• Problem to work on:
Quote the lines below from the one containing "2025年第二季度网络游戏股" to the final line, both ends included; exclude the pictures.

• Material for the task:

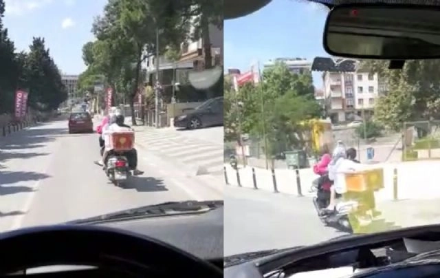 İstanbul Maltepe'de, trafik kurallarını hiçe sayarak 2 çocuklarıyla birlikte motosiklette ilerleyen çift görenleri hayrete düşürdü. Kasksız bir şekilde kendilerinin ve çocuklarının hayatlarını hiçe sayan çiftin tehlikeli yolculuğu kameralara yansıdı. Edinilen bilgiye göre, İstanbul Maltepe'de trafikte hayatlarını hiçe sayarak motosikletin üzerinde çocuklarıyla birlikte yolculuk eden çiftin tehlikeli yolculuğu yürekleri ağza getirdi. Seyir halindeki bir otomobil sürücüsü, 2'si çocuk 4 kişinin karayolunda motosikletle tehlikeli bir şekilde ilerlediğini görünce cep telefonu kamerasıyla kaydetti. Cep telefonuna kaydedilen görüntülerde, motosiklet üzerinde 2 yetişkin ile 2 çocuğun olduğu görülüyor. Görüntülerde çocuklardan birinin sürücünün önünde durduğu görülüyor. Diğer çocuğun ise sürücünün arkasında duran yetişkine sarıldığı görülüyor. Herhangi bir önlem almadan trafikte ilerleyen çiftin kendilerinin ve çocuklarının hayatını tehlikeye attığı yolculuk görenleri hayrete düşürdü.
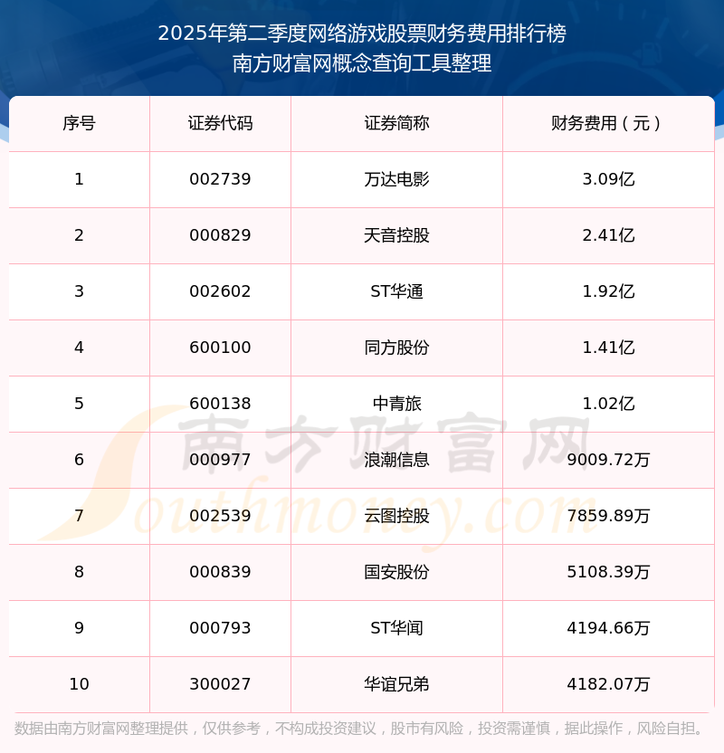 2025年第二季度网络游戏股票财务费用排行榜如下:万达电影(002739)的财务费用总额高达3.09亿,天音控股(000829)和ST华通(002602)分别位居第二和第三,同方股份(600100)、中青旅(600138)、浪潮信息(000977)、云图控股(002539)、国安股份(000839)、ST华闻(000793)、华谊兄弟(300027)分别进入前十,其财务费用总额分别排名第4-10名。
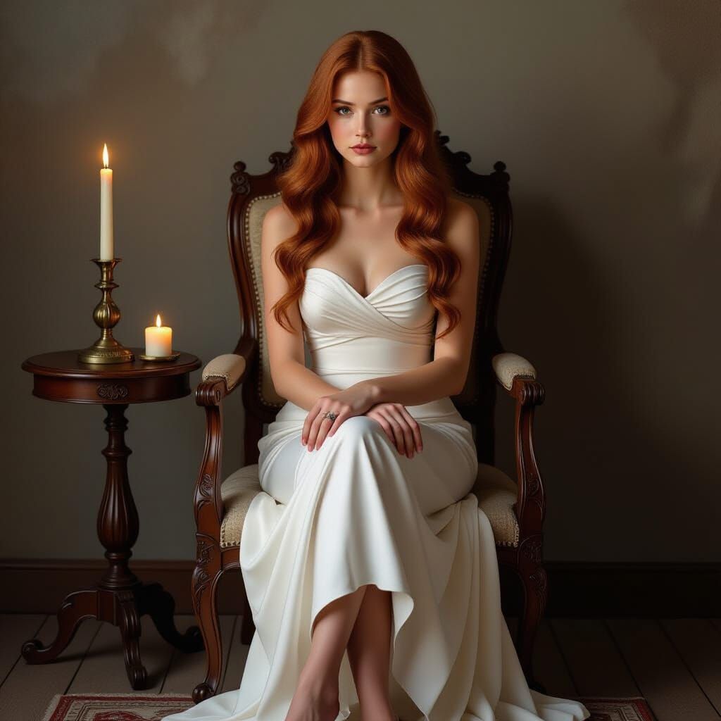 This photorealistic painting captures a melancholic woman with auburn hair in a white dress, seated by candlelight. The scene evokes a somber mood with classical and romantic influences.
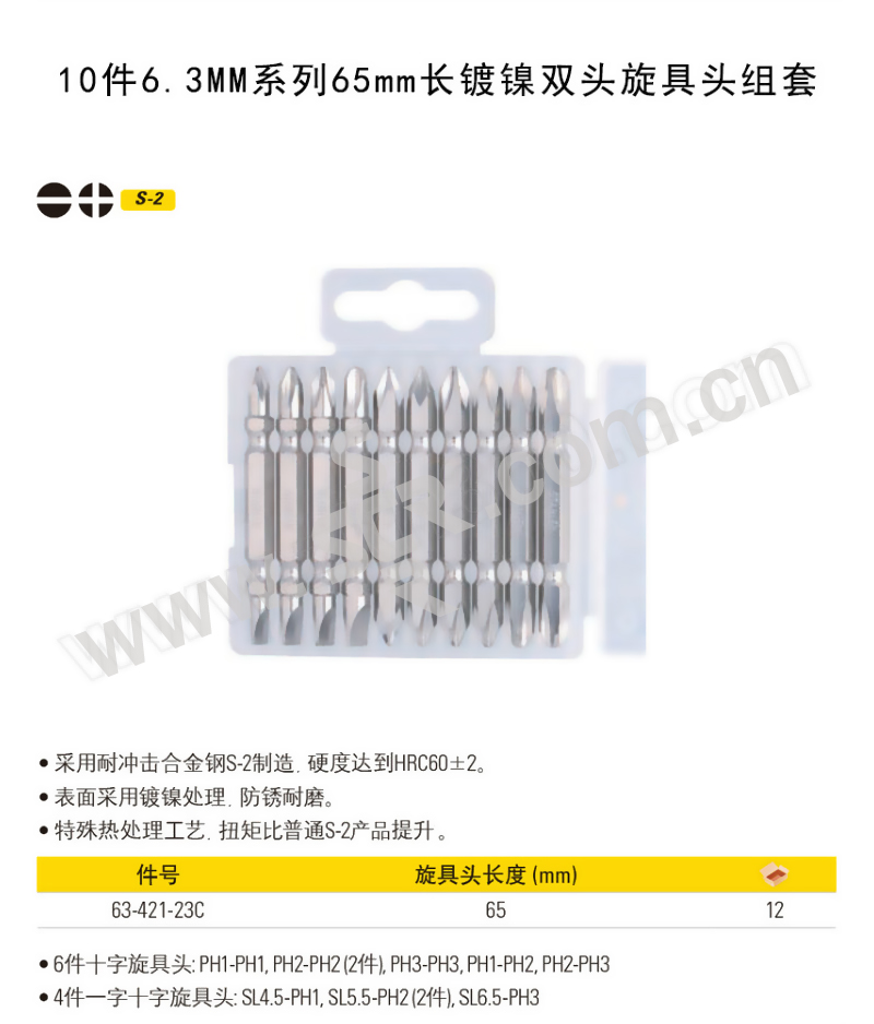 STANLEY/史丹利 6.3MM系列65mm长镀镍双头旋具头组套 63-421-23C 10件 透明塑盒 1套
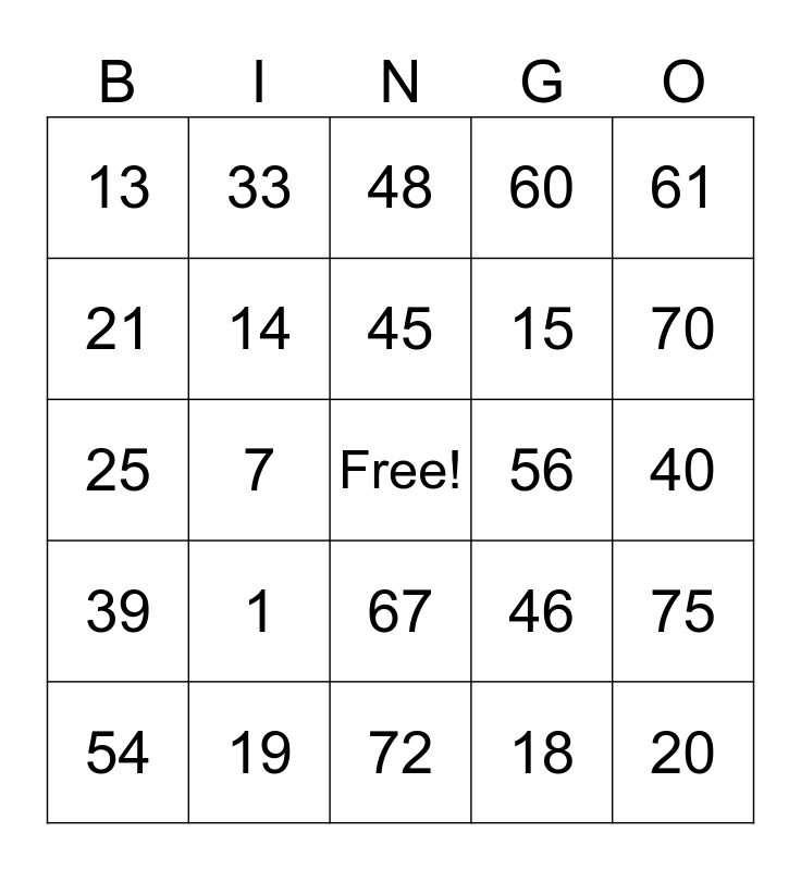 This bingo card has a free space and 24 words: 1, 19, 45, 54, 61, 13, 21, 33, 56, 67, 15, 25, 46, 75, 14, 18, 40, 48, 70, 7, 20, 39, 60 and 72.
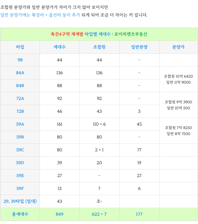 분양신청을 하지 않은 조합원이 다수 있어 일반 분양 숫자가는 조금 늘었습니다.
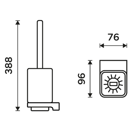 Toilet brush holder. Satin glass container. Chrome brush handle.
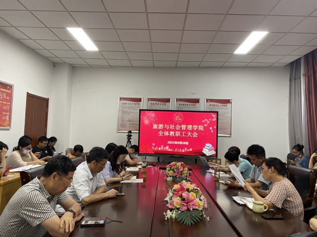 2022年6月28日下午一点半,威尼斯87978797在文南201会议室召开了全院教职工大会,会议由学院党总支书记吴鑫主持。

• Answer box:
 2025年第二季度网络游戏股票财务费用排行榜如下:万达电影(002739)的财务费用总额高达3.09亿,天音控股(000829)和ST华通(002602)分别位居第二和第三,同方股份(600100)、中青旅(600138)、浪潮信息(000977)、云图控股(002539)、国安股份(000839)、ST华闻(000793)、华谊兄弟(300027)分别进入前十,其财务费用总额分别排名第4-10名。
 This photorealistic painting captures a melancholic woman with auburn hair in a white dress, seated by candlelight. The scene evokes a somber mood with classical and romantic influences.
 STANLEY/史丹利 6.3MM系列65mm长镀镍双头旋具头组套 63-421-23C 10件 透明塑盒 1套
 This bingo card has a free space and 24 words: 1, 19, 45, 54, 61, 13, 21, 33, 56, 67, 15, 25, 46, 75, 14, 18, 40, 48, 70, 7, 20, 39, 60 and 72.
 분양신청을 하지 않은 조합원이 다수 있어 일반 분양 숫자가는 조금 늘었습니다.
 Toilet brush holder. Satin glass container. Chrome brush handle.
 2022年6月28日下午一点半,威尼斯87978797在文南201会议室召开了全院教职工大会,会议由学院党总支书记吴鑫主持。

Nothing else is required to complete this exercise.